Let's assume that we have a ragged array polygonpts whose entries are lists containing the vertex positions of each polygon. First, we compute a clustering tolerance ϵ lower than any edge length in the tesselation. Second, we cluster duplicates with the help of Nearest in order to produce a reduced point set newpts. Afterwards, we use the NearestFunction of newpts as a lookup function for the vertex indices.
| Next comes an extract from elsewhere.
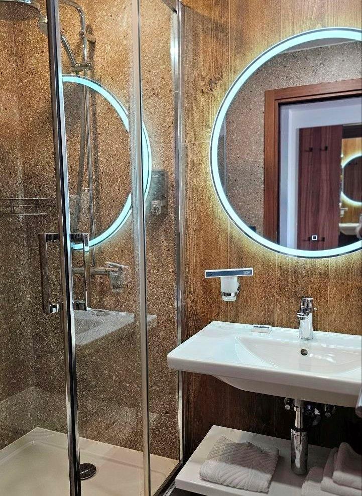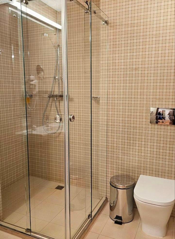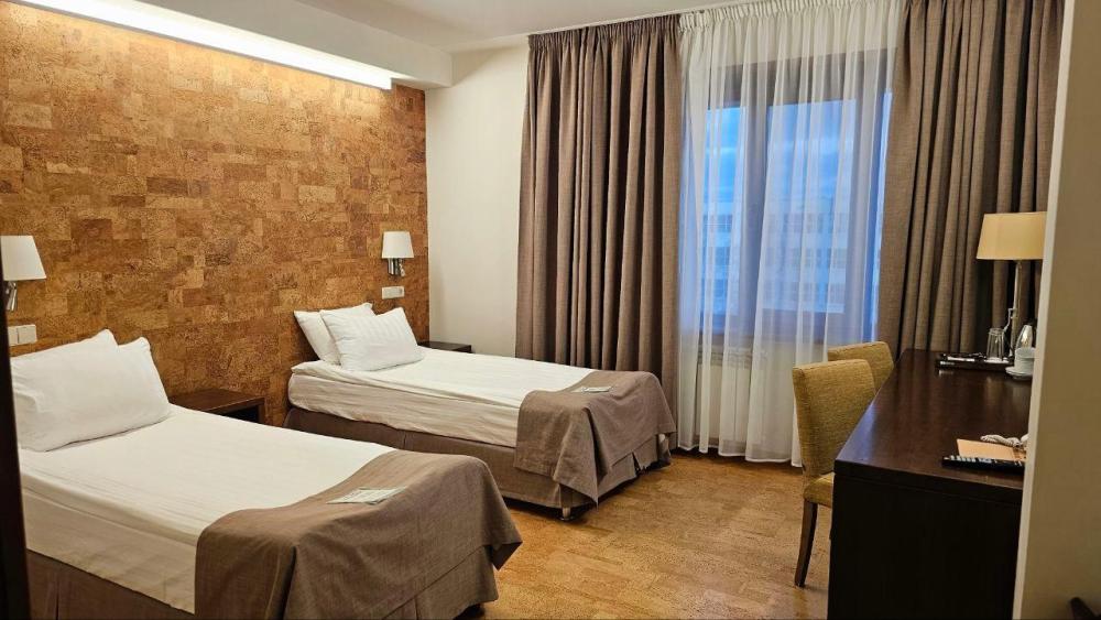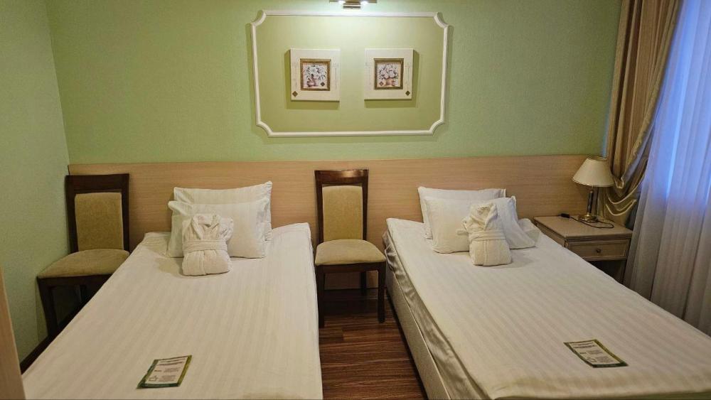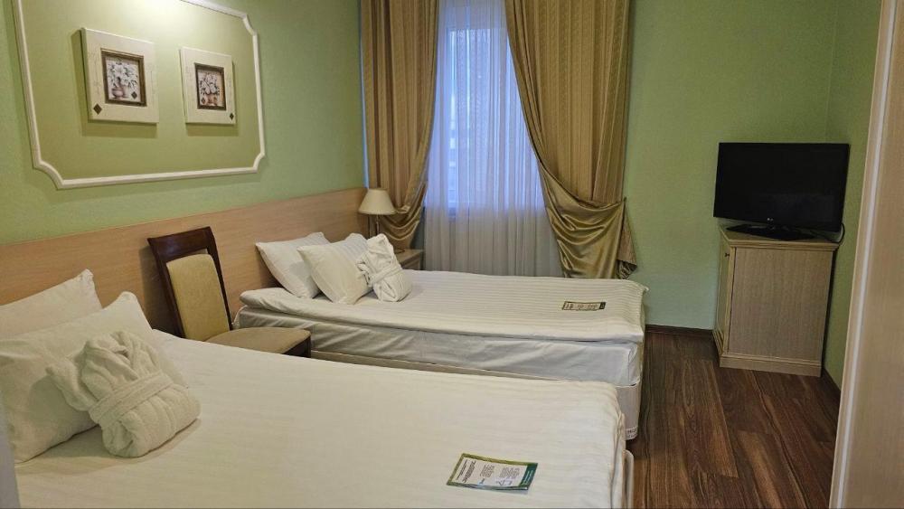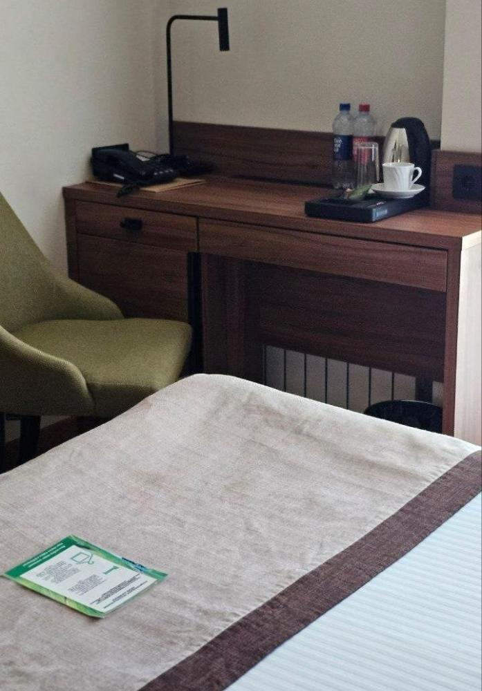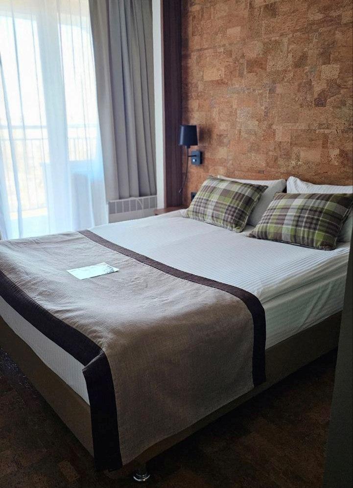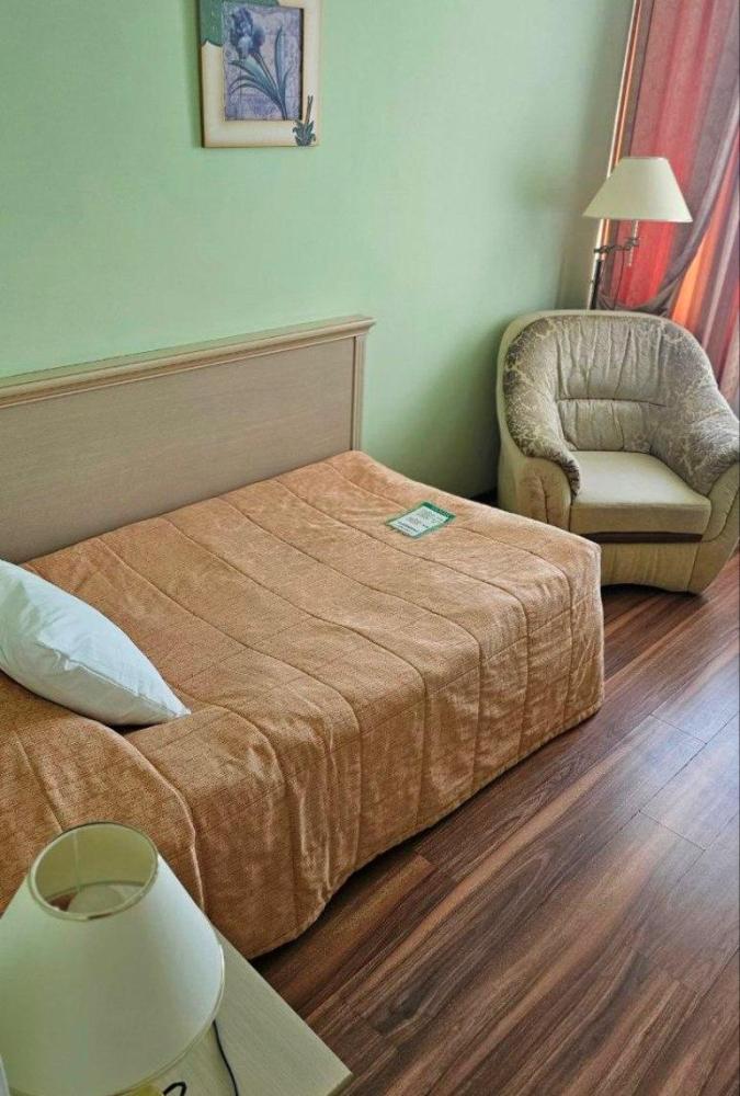 Просторный номер в эко-стиле с пробковым покрытием. 2 односпальные кровати/1 2-спальная кровать (Указывайте, пожалуйста, в комментарии к бронированию). Номер предлагает комфортное проживание благодаря минималистичному дизайну и современному оснащению. В комнате имеется рабочая зона с письменным столом и двумя креслами, что идеально подходит для деловых поездок или отдыха с книгой. Большие окна с плотными шторами обеспечивают достаточное количество дневного света и уютный вечерний покой. Ванная комната выполнена в современном стиле с душевой кабиной; раковина с большим зеркалом и качественные туалетные принадлежности дополняют удобство пребывания в номере. В номере: 1 кровать 180*200 или 2 кровати 90*200 Телевизор ЖК (20 каналов) Письменный стол (с канцелярскими принадлежностями) Телефон Сейф Прихожая с большим шкафом Фен Чайная станция Гладильная станция Электрический чайник Мини-холодильник Кухонная посуда и столовые приборы на 2 персоны Туалетные принадлежности

polygonpts = hexTile1[3, 5];
ϵ = 0.5 Min[Sqrt[Total[(# - RotateLeft[#])^2, {2}]] & /@ polygonpts];
pts = Flatten[polygonpts, 1];
plist = Sort[DeleteDuplicates[
   Compile[{{idx, _Integer, 1}}, 
    Min[idx],
    RuntimeAttributes -> {Listable},
    Parallelization -> True
    ][Nearest[pts -> Automatic, pts, {∞, ϵ}]]
   ]];
newpts = pts[[plist]];
nf = Nearest[newpts -> Automatic];
polygons = Internal`PartitionRagged[Flatten[nf[pts]], Length /@ polygonpts];

MeshRegion[newpts, Polygon[polygons], MeshCellLabel -> {0 -> "Index"}]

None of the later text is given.